ARC-520 comprises two distinct siRNAs targeting highly conserved genomic regions across the major HBV genotypes, and is formulated with a proprietary delivery technology called dynamic polyconjugates. It is currently in a Phase IIa trial that is testing doses ranging from 1 mg/kg to 4 mg/kg in chronic HBV patients.
According to Arrowhead, the Phase IIb studies will test multiple doses of ARC-520 in combination with either entecavir or tenofovir, two direct-acting antiviral drugs, in chronic HBV patients.
One trial, dubbed Heparc-2002, will include patients who are negative for hepatitis B e-antigen (HBeAg) at screening. The other, called Heparc-2003, will include patients who are positive for HBeAg at screening.
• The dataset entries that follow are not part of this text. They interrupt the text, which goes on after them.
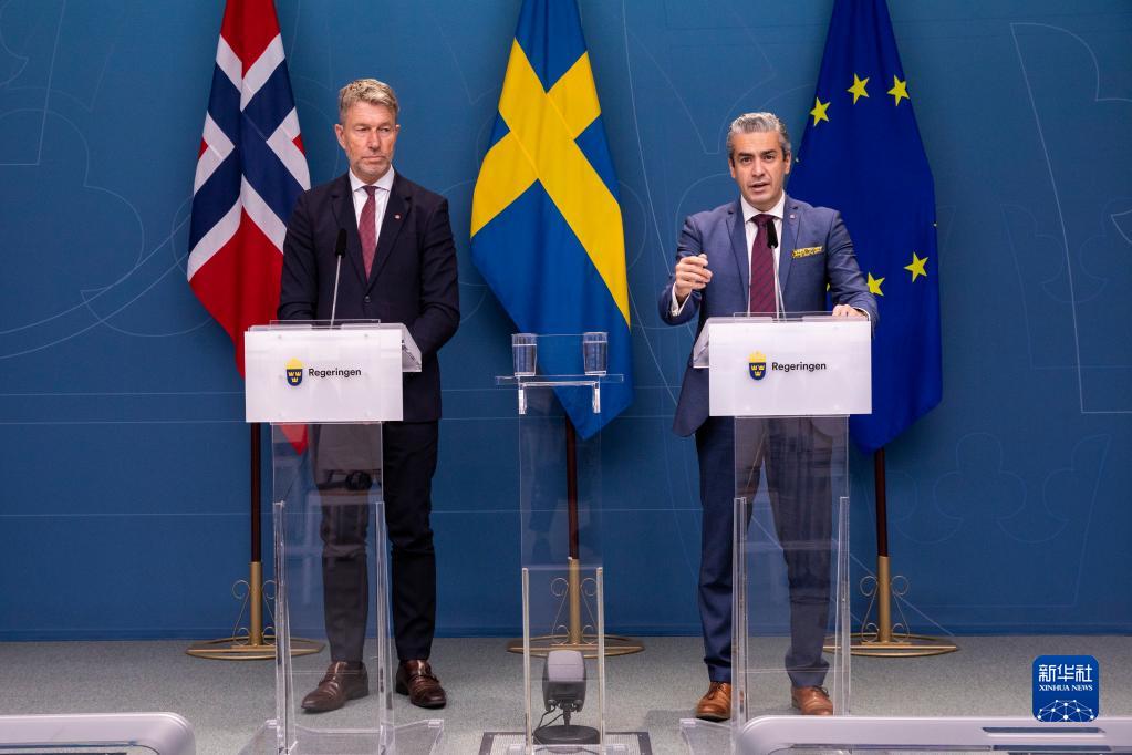 9月5日,在瑞典斯德哥爾摩,瑞典能源與數字化發(fā)展大臣哈沙亞爾·法爾曼巴(右)與挪威石油和能源大臣泰耶·奧斯蘭共同出席新聞發(fā)布會(huì )。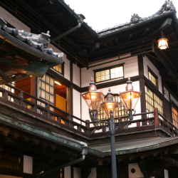 日本最古の名湯、道後温泉のシンボルで国の重要文化財。趣のある木造三層楼の本館は、古くは古事記や万葉集にも登場し坊っちゃんや千と千尋の神隠しなど著名な小説や映画の舞台になってきました。現在、改修工事中ですが入浴は可能。
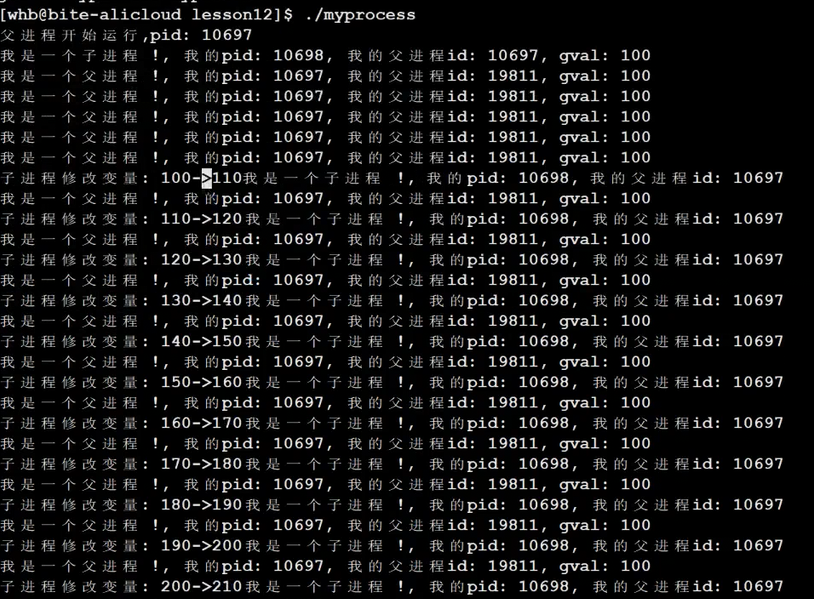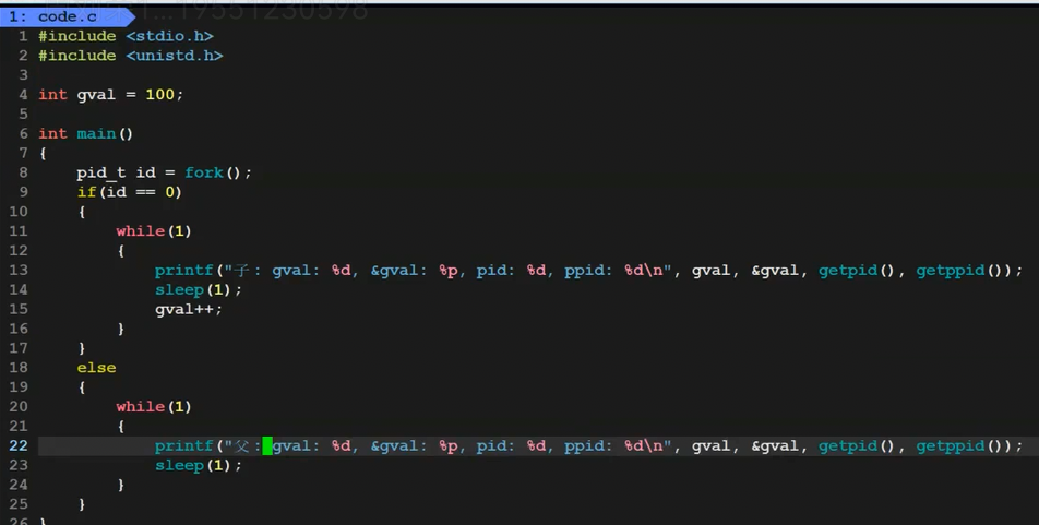我们发现,父子进程,输出地址是一致的,但是变量内容不一样。所以父子进程输出的变量绝对不是同一个变量,变量内容不一样, 但地址值是一样的,说明,该地址绝对不是物理地址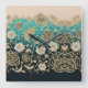 Gold Roses with Turquoise Background Wall Clock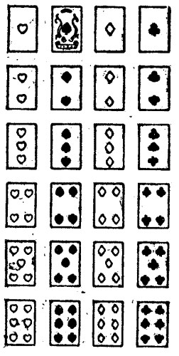 The cardsharper lays down the twenty-four cards shown in the illustration, and invites the innocent wayfarer to try his luck or skill by seeing which of them can first score thirty-one, or drive his opponent beyond, in the following manner:—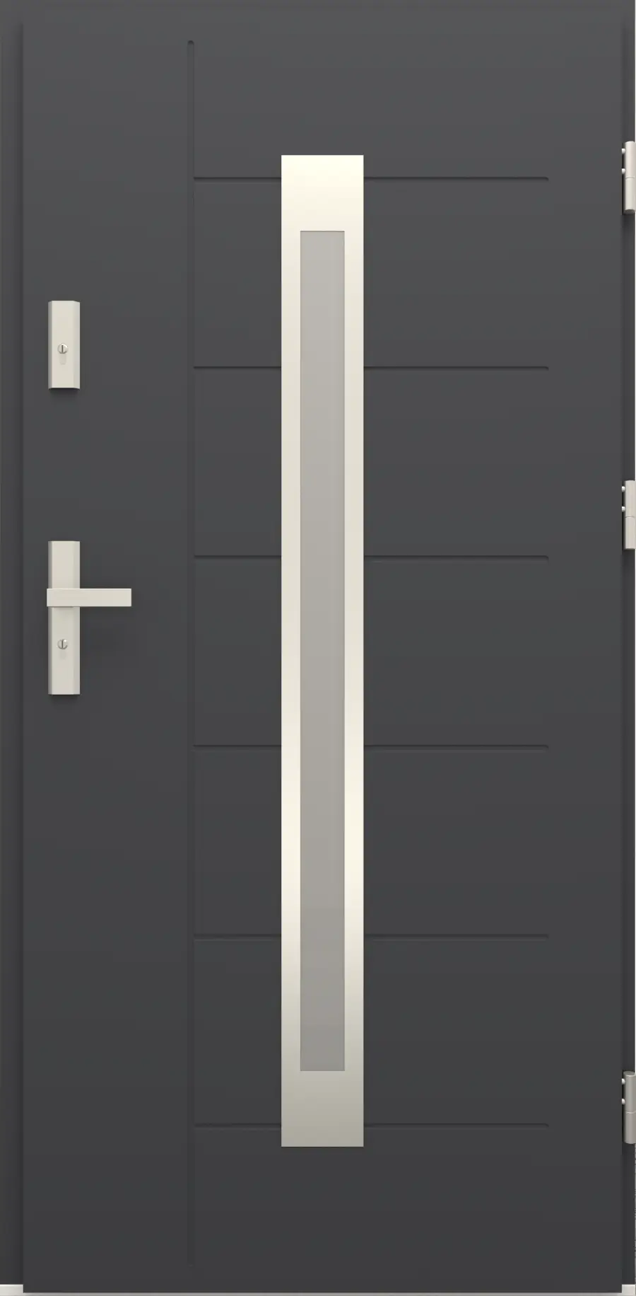 - Próg w standardzie: W standardzie drzwi wyposażone są w próg w kolorze inox, co dodaje industrialnego akcentu i funkcjonalności.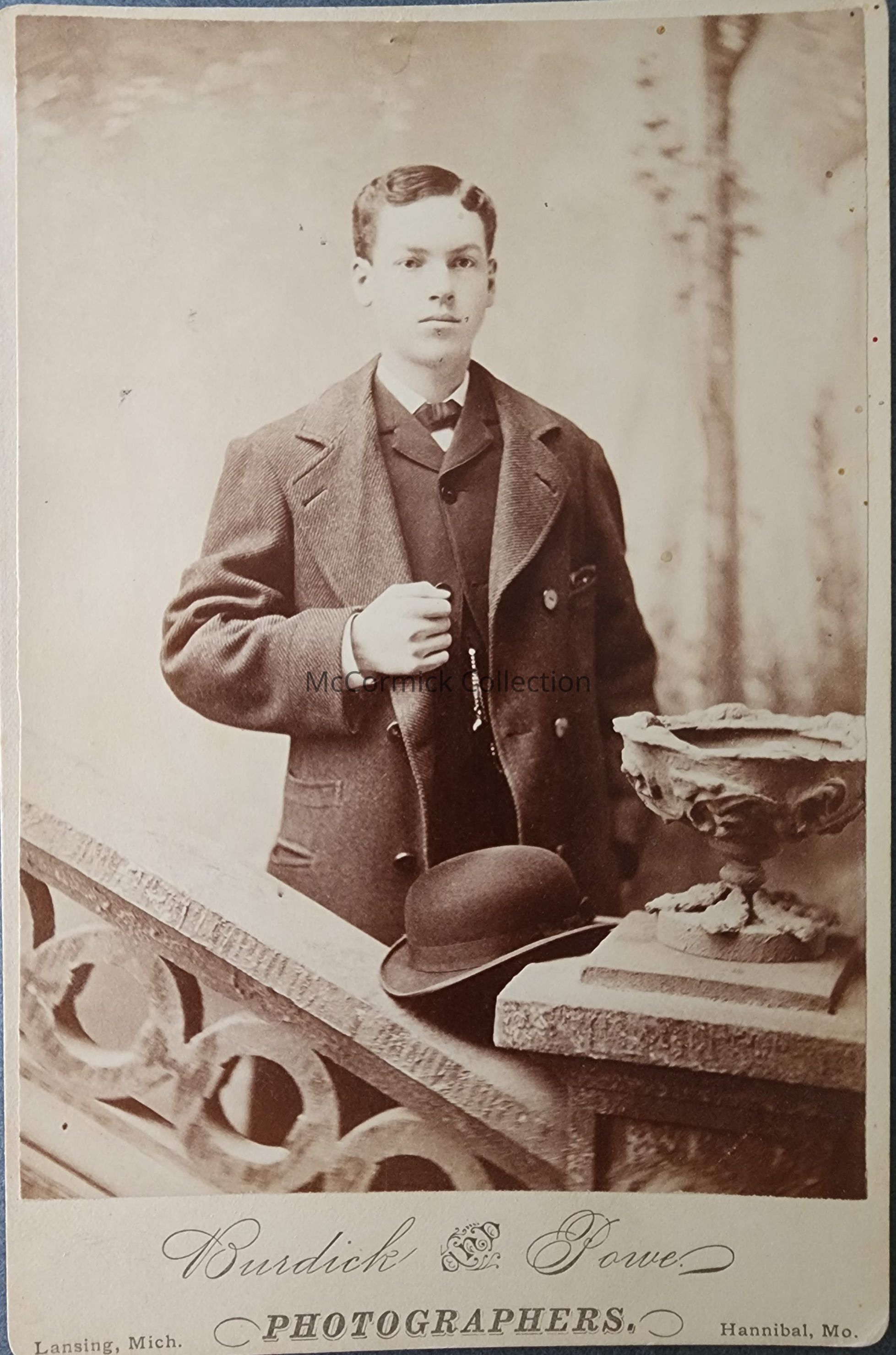 Cabinet card photograph of an unidentified man by Lansing photographer Burdick and Powe, circa 1880d.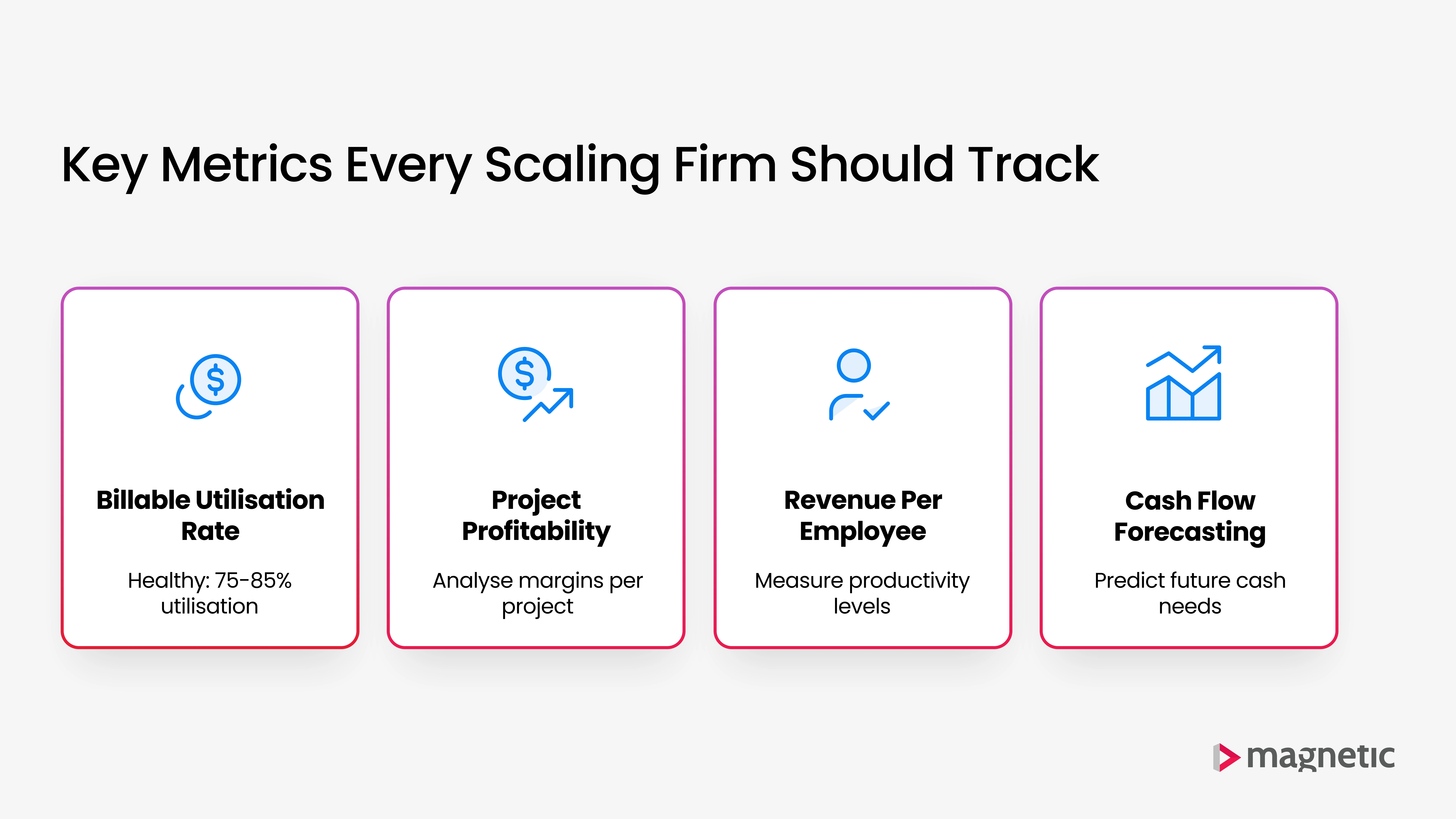 Billable utilisation rate, project profitability, revenue per employee, and cash flow forecasting are key. These metrics show whether your growth is sustainable and where to make adjustments.

The primary objective of the trials is to determine the decline of HBV surface antigen, a known market of active infection, in response to treatment.
Secondary objectives are to assess measures of safety and tolerability and to evaluate multi-dose pharmacokinetics of ARC-520 in patients with chronic HBV infection when co-administered with a fixed dose of entecavir or tenofovir, in addition to other exploratory safety and pharmacodynamic objectives, the company said.
Arrowhead said it plans to also submit additional clinical trial authorization applications for ARC-520 with regulatory authorities in Europe and Asia.